Sunday, February 3, 2008

OpenMP and recursion

We found the bottleneck function is a recursive function. We are reading more to understand how OpenMP works with recursion.

Friday, February 1, 2008

rulecache.c

We have found the second pass of function assignrhl() in rulecache.c, which tries to expand existing RHLs, takes longer time to run. After a careful examination, I found it is function check_conflict() in this section of code that actually runs slowly. We will try to parallelize this function.

Thursday, January 31, 2008

Open MP on IXP

I did some searching and from what I can tell the program should work on the IXP platform with the OpenMP parallelization. I have found no reason why it would not work and several things that hint that it will.

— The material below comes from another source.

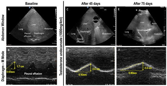 (A) Abdomen window at baseline showing extensive pleural effusion. (B) Diaphragm M-mode at baseline; diaphragm amplitude during inspiration = 1.7 cm; diaphragm thickness fraction = 37%; excursion-time index = 2.6 cm/s. Testosterone was administered 3 times 2 weeks apart (testosterone undecanoate 1000 mg/4 mL intramuscularly; NEBIDO, Bayer, Germany). (C) Abdomen window after 45 days. (D) Diaphragm M-mode after 45 days; diaphragm amplitude during inspiration = 2.6 cm; diaphragm thickness fraction = 60%; excursion-time index = 2.4 cm/s. (E) Abdomen window after 75 days. (F) Diaphragm M-mode after 75 days; diaphragm amplitude during inspiration = 2.4 cm; diaphragm thickness fraction = 50%; excursion-time index = 3.0 cm/s.
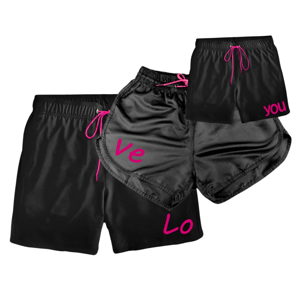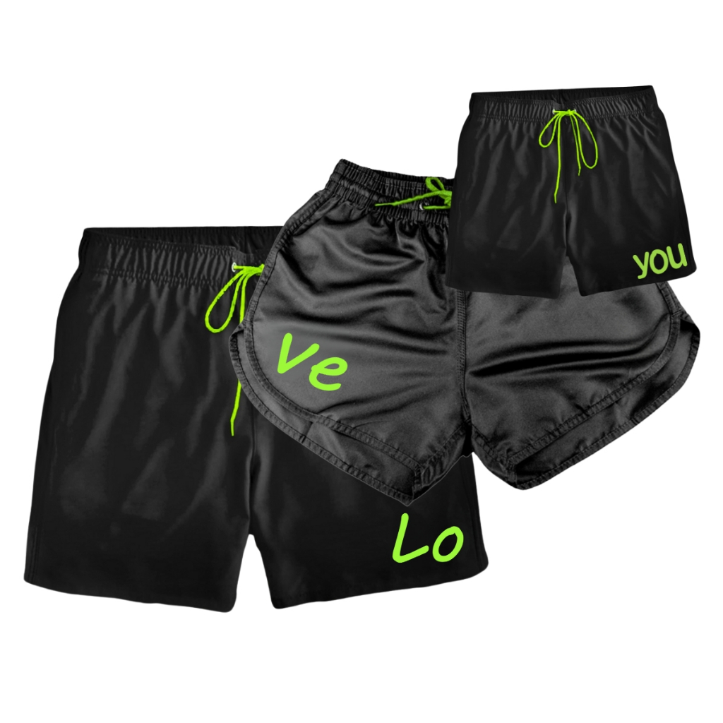 Kit Familia Shorts Tactel Moda Praia Iguais Combinando Cordão E Estampa Na Mesma Cor

OpenMP is compatible with Intel compilers
Intel seems to have had a part in the development of OpenMP
I found a paper that mentioned OpenMP on the IXP 1200 line and it also said that their work should apply to the IXP 2xxx models

It seems like this platform would work fine for our purposes of running the rulecache code in parallelized form.

Tuesday, January 29, 2008

For loops with OpenMP

Yesterday, we succeeded in parallelizing a serial program. Today, I tried to parallelize loops in programs. I tried one program with a for loop, and another one with two embedded for loops. Both work well. We may start to parallelize loops in rulecache.c soon.

Monday, January 28, 2008

OpenMP GCC 4.2

The installed version of gcc on my machine is 4.1.2. I tried to install gcc 4.2 but the disk quota exceeded. I checked with cs lab and they said gcc 4.2 is currently installed under /s/gcc-4.2.1/bin and /s/gcc-4.2.2/bin.

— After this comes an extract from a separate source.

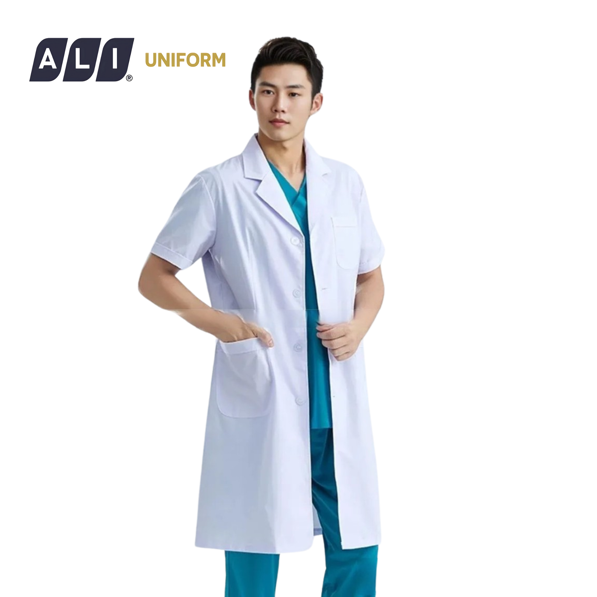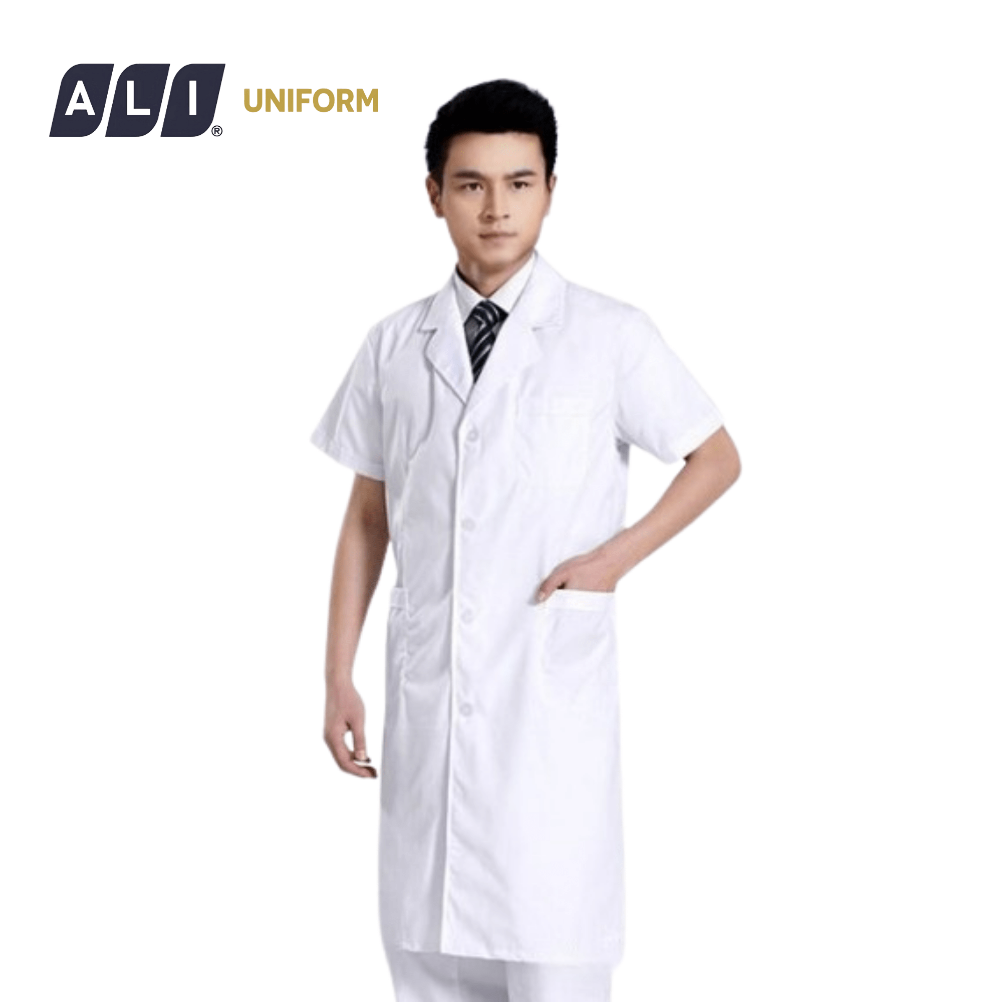 - Thiết kế: Áo blouse trắng dáng suông, mang đến sự thoải mái và chuyên nghiệp cho nhân viên y tế. Thiết kế gồm hai túi sườn tiện dụng và một túi ngực để cài bút hoặc thẻ tên.

Bryan and I figured out how to run programs using OpenMP. We succeeded in a simple hello.c program, as shown below.

% /s/gcc-4.2.2/bin/gcc -fopenmp hello.c -o hello.o
% hello.o
Hello World from thread 1
Hello World from thread 0
There are 2 threads

We will continue to work on other examples to get familiar with OpenMP.

Friday, January 25, 2008

OpenMP

After reading up on the OpenMP API I think this would be a good choice for us to use for parallelizing the code. It is cross platform and works with C and C++ on Windows, Unix, and Solaris. The GCC compiler version 4.2 and above have OpenMP support, the file omp.h needs to be included for the OpenMP functions.

Wikipedia Entry

Wednesday, January 23, 2008

Hardware

We are looking at parallelizing the code and Suman wants us to implement the code on server hardware so we are looking into different options with this. One being Sun's Niagara processor which would be nice since it runs Solaris 10 which has OpenMP support that would make parallelizing the code fairly straightforward.

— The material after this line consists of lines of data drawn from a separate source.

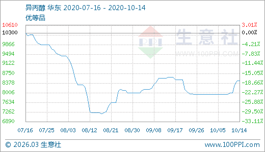 10月14日異丙醇8466.67元/噸 5天上漲6.72%
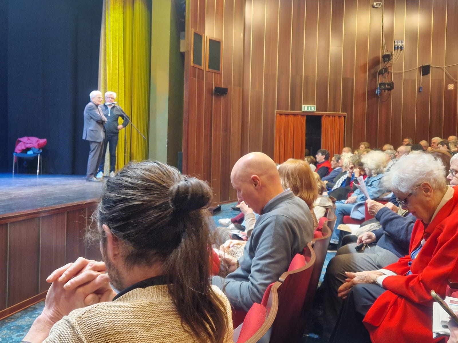Cresce l’ansia per il pericolo che la guerra si espanda e vengano usate armi sempre più potenti». Da questa follia sgorga quel sentimento di impotenza che lacera gli animi diffondendo paure e insicurezza anche negli adolescenti, talvolta degenerando in violenza. Fra le vittime di guerra, secondo la Di Gianantonio svetta poi la cultura, sopraffatta dalla mancanza d’informazione e dalle fake news. «Non possiamo più restare inermi o indifferenti – interviene uno degli organizzatori Fabio Sesti – perché l’assuefazione psicologica e culturale è il primo sintomo di una società malata che va incontro all’auto massacro». A ringraziare Moni Ovadia - per la quarta volta ospite al Kulturni - è infine il direttore Igor Komel: «Sei il simbolo della pace nel mondo, e non potevamo sperare in un personaggio più gradito». «Oggi siamo stati precipitati in un tempo brevissimo sull’orlo dell’abisso – riflette il milanese di origini bulgare Salomone, in arte “Moni” – ed è veramente un miracolo che non siamo ancora piombati in una guerra atomica».
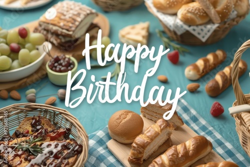Picnic Collage: A relaxed collage with photos of picnic-themed birthday celebrations, blankets, and baskets. The text "Happy Birthday" is written in a casual, picnic-themed font.
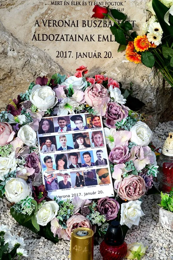 2017. január 20-án a budapesti Szinyei Merse Pál Gimnázium diákjai és tanárai éppen hazafelé tartottak az olaszországi sítúráról, amikor a veronai autópályán a jármű a szalagkorlátnak hajtott, majd egy hídpillérnek ütközött és lángba borult. A buszon a két sofőrrel együtt összesen 56-an utaztak. 18-an meghaltak, és sokan megsérültek. A tragédia idején a volán mögött az a V. János ült, akit várhatóan október végén szállítanak Olaszországba, hogy megkezdje a jogerősen kiszabott börtönbüntetése letöltését. A férfi felelősségét megpróbálta a balesetben ugyancsak elhalálozott váltótársára, és egyben jóbarátjára kenni, de végül megdőlt az állítása.
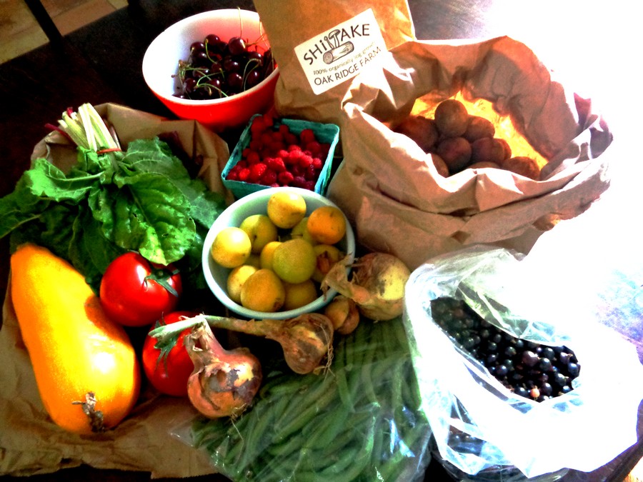 Postcard greetings of the market kind where a good time is being had by all. Not the least for having discovered the new shiitake vendor… AND scoring seed potatoes, ‘eating’ potatoes, BLACK CURRANTS!!, yellow plums, and a few more things in other and various hues.
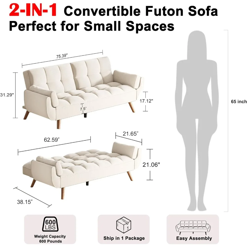 75.4" Futon Couch, Convertible Loveseat Sleeper Couch with Adjustable Backrest for Small Spaces (Multiple colors)

Yadi and I are reading up on the OpenMP documentation and examples.

Wednesday, January 9, 2008

Parallelization

I've been looking into methods for parallelizing the code for the project. So far most of the stuff that I have found has been for C++ or some other language, I am having trouble finding something for C.

For us to be able to parallelize a for loop, we basically just have to make sure that all of the iterations can be performed independently and none depend on the next/previous iteration.

Dheeraj recommended looking at Threading Building Blocks (TBB) which come from Intel.
I started reading through their website and they have some examples and tutorials which seem fairly helpful. I'm going to read up on it some more and see if I can go through some simple examples to get used to the syntax and see if it will be possible to use this for our code. (It says that it is for C++)

Tuesday, January 8, 2008

Looking ahead

I meet with Dheeraj just before break to discuss the code. Suman wants to look at parallelizing the code as much as possible to speed up the update calculation. Dheeraj pointed out the parts of the code that take the longest to run and suggested that I try to parallelize some for loops in that section.

Dheeraj also suggested that I should read over the sigmetrics paper to learn more about the way the rules and modifications to the rules are handled in the code because we want to maintain the same semantic equivalence of the rules when parallelizing the calculation.

I am currently reading through the paper and looking into parallelization techniques.